### Material for the task:
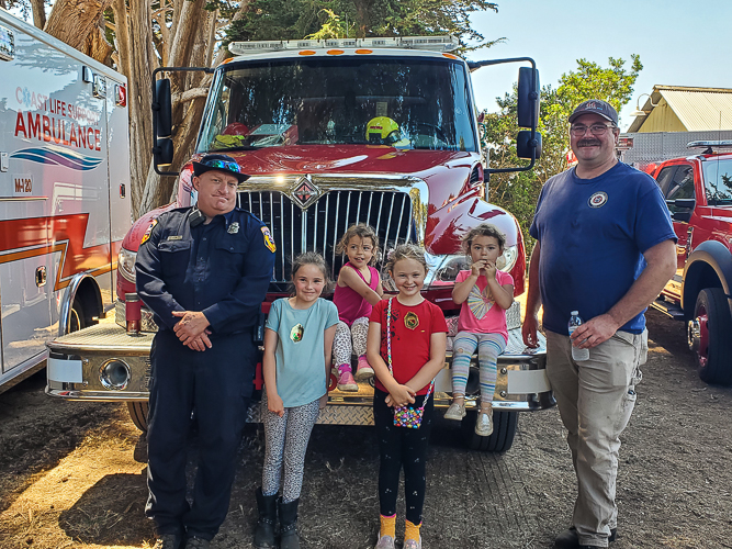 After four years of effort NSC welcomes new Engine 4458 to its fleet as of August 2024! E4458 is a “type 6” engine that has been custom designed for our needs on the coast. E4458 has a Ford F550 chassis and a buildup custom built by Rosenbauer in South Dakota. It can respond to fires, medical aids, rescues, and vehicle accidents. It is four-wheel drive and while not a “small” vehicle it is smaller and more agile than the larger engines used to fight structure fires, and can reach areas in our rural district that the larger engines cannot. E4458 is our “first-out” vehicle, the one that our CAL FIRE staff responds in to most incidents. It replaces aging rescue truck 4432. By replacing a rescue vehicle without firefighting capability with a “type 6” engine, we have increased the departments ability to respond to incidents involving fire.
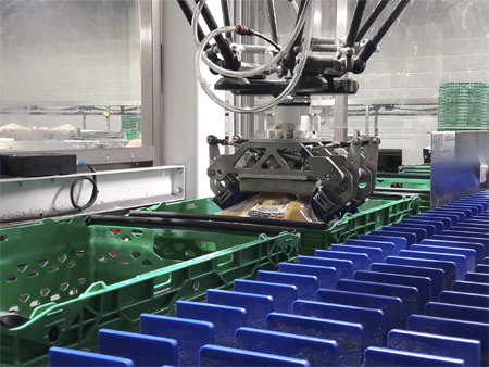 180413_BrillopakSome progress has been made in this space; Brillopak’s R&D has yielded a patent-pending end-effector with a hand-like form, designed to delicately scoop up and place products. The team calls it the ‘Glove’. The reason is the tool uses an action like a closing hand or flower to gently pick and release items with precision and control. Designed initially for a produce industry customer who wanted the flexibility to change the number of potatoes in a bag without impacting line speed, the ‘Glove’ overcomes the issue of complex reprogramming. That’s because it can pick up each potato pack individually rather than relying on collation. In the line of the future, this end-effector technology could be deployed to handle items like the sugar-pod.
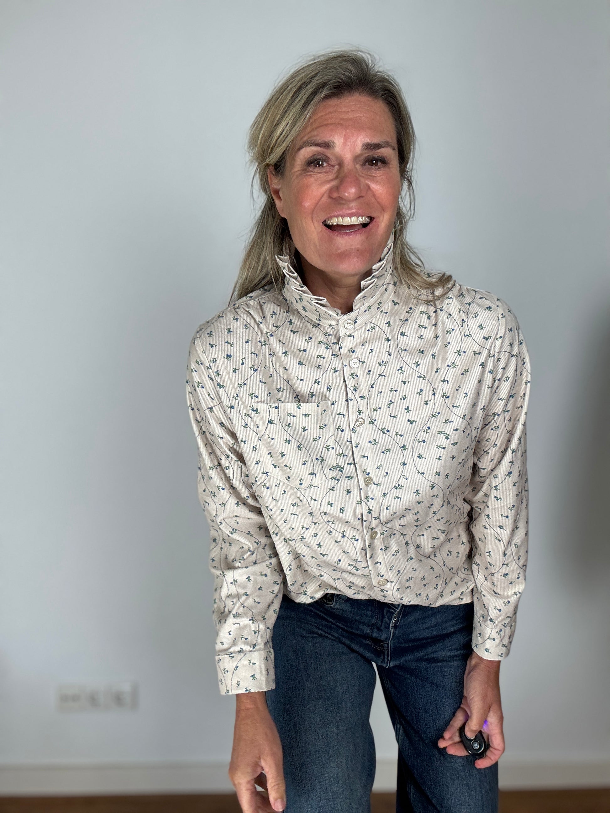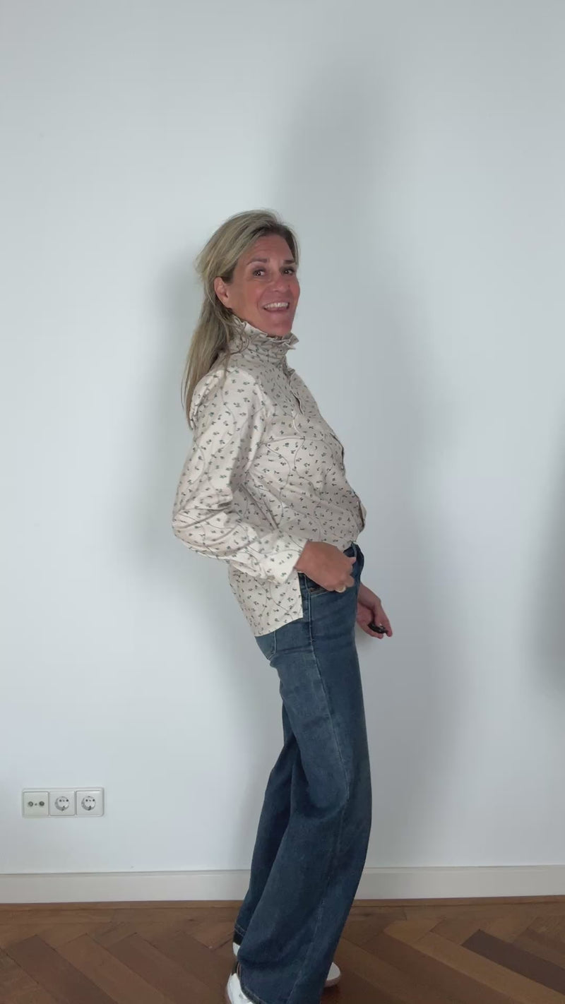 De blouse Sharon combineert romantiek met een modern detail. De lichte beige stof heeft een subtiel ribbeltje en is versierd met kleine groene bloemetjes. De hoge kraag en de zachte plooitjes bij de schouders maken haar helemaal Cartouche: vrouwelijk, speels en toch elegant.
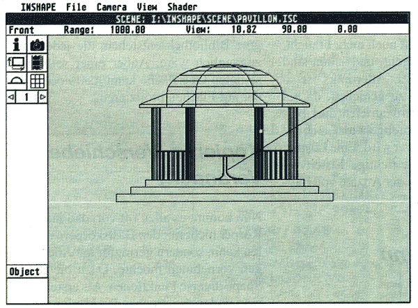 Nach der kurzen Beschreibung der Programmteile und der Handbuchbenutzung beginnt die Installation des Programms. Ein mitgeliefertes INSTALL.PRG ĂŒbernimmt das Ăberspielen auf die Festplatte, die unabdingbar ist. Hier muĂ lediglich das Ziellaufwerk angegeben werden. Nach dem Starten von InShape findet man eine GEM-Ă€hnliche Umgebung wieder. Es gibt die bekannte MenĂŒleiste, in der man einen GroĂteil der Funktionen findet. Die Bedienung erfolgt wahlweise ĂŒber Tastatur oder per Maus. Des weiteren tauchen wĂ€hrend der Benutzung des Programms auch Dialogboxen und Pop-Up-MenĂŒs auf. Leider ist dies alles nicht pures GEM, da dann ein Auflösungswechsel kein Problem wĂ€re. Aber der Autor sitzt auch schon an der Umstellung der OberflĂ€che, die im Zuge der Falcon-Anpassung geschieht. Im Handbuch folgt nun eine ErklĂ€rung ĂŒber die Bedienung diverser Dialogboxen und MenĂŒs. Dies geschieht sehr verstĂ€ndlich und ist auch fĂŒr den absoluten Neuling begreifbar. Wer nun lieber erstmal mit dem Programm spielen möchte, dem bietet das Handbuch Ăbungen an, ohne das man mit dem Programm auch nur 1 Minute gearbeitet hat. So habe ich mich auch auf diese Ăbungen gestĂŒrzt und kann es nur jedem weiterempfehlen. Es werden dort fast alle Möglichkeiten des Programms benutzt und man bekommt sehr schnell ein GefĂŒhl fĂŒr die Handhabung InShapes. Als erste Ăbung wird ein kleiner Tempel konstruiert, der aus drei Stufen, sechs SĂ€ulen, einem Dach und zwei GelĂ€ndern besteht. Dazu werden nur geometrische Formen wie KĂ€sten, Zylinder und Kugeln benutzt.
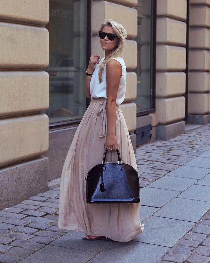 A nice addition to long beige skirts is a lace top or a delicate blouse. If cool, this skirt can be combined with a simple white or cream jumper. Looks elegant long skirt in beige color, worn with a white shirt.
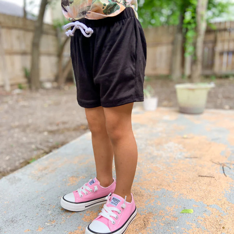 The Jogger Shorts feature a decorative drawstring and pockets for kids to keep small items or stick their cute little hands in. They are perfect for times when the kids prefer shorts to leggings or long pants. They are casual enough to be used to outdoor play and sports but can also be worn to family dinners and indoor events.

### Work to be completed:
Set all of the records down once more, letter for letter, with the images removed.

### Worked solution:
 After four years of effort NSC welcomes new Engine 4458 to its fleet as of August 2024! E4458 is a “type 6” engine that has been custom designed for our needs on the coast. E4458 has a Ford F550 chassis and a buildup custom built by Rosenbauer in South Dakota. It can respond to fires, medical aids, rescues, and vehicle accidents. It is four-wheel drive and while not a “small” vehicle it is smaller and more agile than the larger engines used to fight structure fires, and can reach areas in our rural district that the larger engines cannot. E4458 is our “first-out” vehicle, the one that our CAL FIRE staff responds in to most incidents. It replaces aging rescue truck 4432. By replacing a rescue vehicle without firefighting capability with a “type 6” engine, we have increased the departments ability to respond to incidents involving fire.
 180413_BrillopakSome progress has been made in this space; Brillopak’s R&D has yielded a patent-pending end-effector with a hand-like form, designed to delicately scoop up and place products. The team calls it the ‘Glove’. The reason is the tool uses an action like a closing hand or flower to gently pick and release items with precision and control. Designed initially for a produce industry customer who wanted the flexibility to change the number of potatoes in a bag without impacting line speed, the ‘Glove’ overcomes the issue of complex reprogramming. That’s because it can pick up each potato pack individually rather than relying on collation. In the line of the future, this end-effector technology could be deployed to handle items like the sugar-pod.
 De blouse Sharon combineert romantiek met een modern detail. De lichte beige stof heeft een subtiel ribbeltje en is versierd met kleine groene bloemetjes. De hoge kraag en de zachte plooitjes bij de schouders maken haar helemaal Cartouche: vrouwelijk, speels en toch elegant.
 Nach der kurzen Beschreibung der Programmteile und der Handbuchbenutzung beginnt die Installation des Programms. Ein mitgeliefertes INSTALL.PRG ĂŒbernimmt das Ăberspielen auf die Festplatte, die unabdingbar ist. Hier muĂ lediglich das Ziellaufwerk angegeben werden. Nach dem Starten von InShape findet man eine GEM-Ă€hnliche Umgebung wieder. Es gibt die bekannte MenĂŒleiste, in der man einen GroĂteil der Funktionen findet. Die Bedienung erfolgt wahlweise ĂŒber Tastatur oder per Maus. Des weiteren tauchen wĂ€hrend der Benutzung des Programms auch Dialogboxen und Pop-Up-MenĂŒs auf. Leider ist dies alles nicht pures GEM, da dann ein Auflösungswechsel kein Problem wĂ€re. Aber der Autor sitzt auch schon an der Umstellung der OberflĂ€che, die im Zuge der Falcon-Anpassung geschieht. Im Handbuch folgt nun eine ErklĂ€rung ĂŒber die Bedienung diverser Dialogboxen und MenĂŒs. Dies geschieht sehr verstĂ€ndlich und ist auch fĂŒr den absoluten Neuling begreifbar. Wer nun lieber erstmal mit dem Programm spielen möchte, dem bietet das Handbuch Ăbungen an, ohne das man mit dem Programm auch nur 1 Minute gearbeitet hat. So habe ich mich auch auf diese Ăbungen gestĂŒrzt und kann es nur jedem weiterempfehlen. Es werden dort fast alle Möglichkeiten des Programms benutzt und man bekommt sehr schnell ein GefĂŒhl fĂŒr die Handhabung InShapes. Als erste Ăbung wird ein kleiner Tempel konstruiert, der aus drei Stufen, sechs SĂ€ulen, einem Dach und zwei GelĂ€ndern besteht. Dazu werden nur geometrische Formen wie KĂ€sten, Zylinder und Kugeln benutzt.
 A nice addition to long beige skirts is a lace top or a delicate blouse. If cool, this skirt can be combined with a simple white or cream jumper. Looks elegant long skirt in beige color, worn with a white shirt.
 The Jogger Shorts feature a decorative drawstring and pockets for kids to keep small items or stick their cute little hands in. They are perfect for times when the kids prefer shorts to leggings or long pants. They are casual enough to be used to outdoor play and sports but can also be worn to family dinners and indoor events.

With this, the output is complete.